I just had a discussion via Twitter about the desired behavior of browsers during an endless javascript loop (e.g. while(true){alert(“test”);}). One of my friends suggested that browsers should correct this kind of code. Browsers should do this in order to prevent endless loops that crash you browser or your operating system.

Horror scenario

This really sounds horrible to me. Whenever I write code I would like to see it executed the way I wrote it, not the way I could have probably thought about it that it should work. If I write lousy code, let the browser crash, let my operating system crash and probably I will learn something of it. In the worst case even valid code could be corrected by the browser since it could match a pattern that is used to filter invalided code blocks.
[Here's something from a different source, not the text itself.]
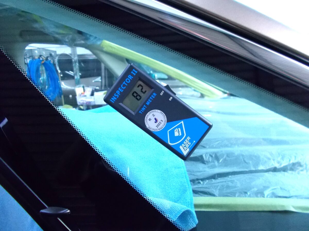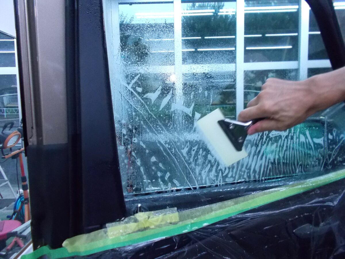 ウインコス透明高断熱フィルムIR-85施工中の写真です。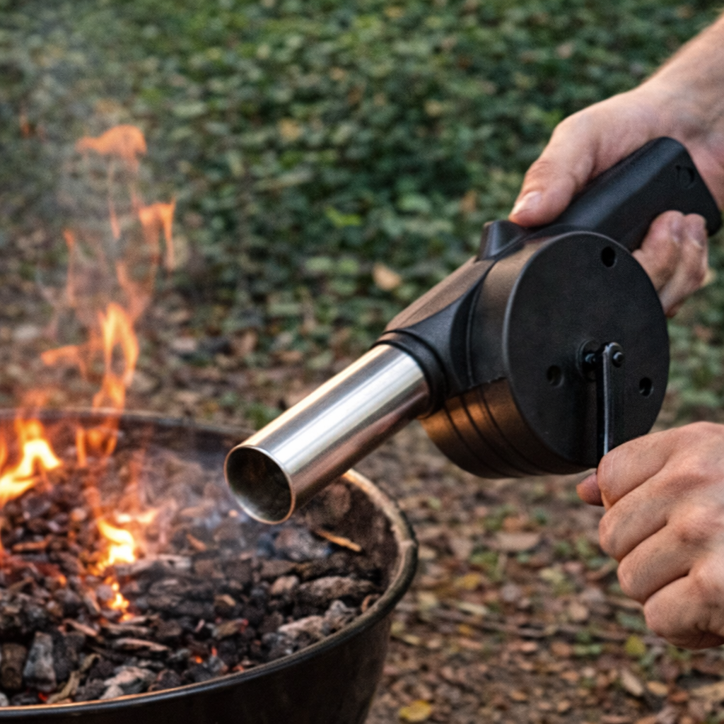 Dmuchawa daje ciągły, mocny i ukierunkowany nadmuch – czego nie osiągniesz ustami ani kartonem. Dzięki temu działa szybciej i skuteczniej.

That would be a real developers nightmare: hyper correcting browsers that are adjusting valid code blocks combined with all current known specific browser quirks.

However this hyper correcting behavior could make the web even more insecure. Microsoft will probably implement some protection in Internet Explorer 8, at first sight this is pretty nice, however there are quite some (amateur) developers that ‘test’ their websites in only one browser. After testing it in e.g. Internet Explorer 8 it assumed save and published on the Internet. However when using a different browser XSS is still possible and the visitor can still be harmed by these kind of attacks.

The responsibility of a developer

With all these hyper corrections you will be in the end only safe on the Internet depending on what browser you use. This is incorrect you should always be safe on the Internet no matter what browser you use. The developer is responsible for the security /usability of his web page/ application, not the browser! The browser should only be supportive to visit and use this page / application.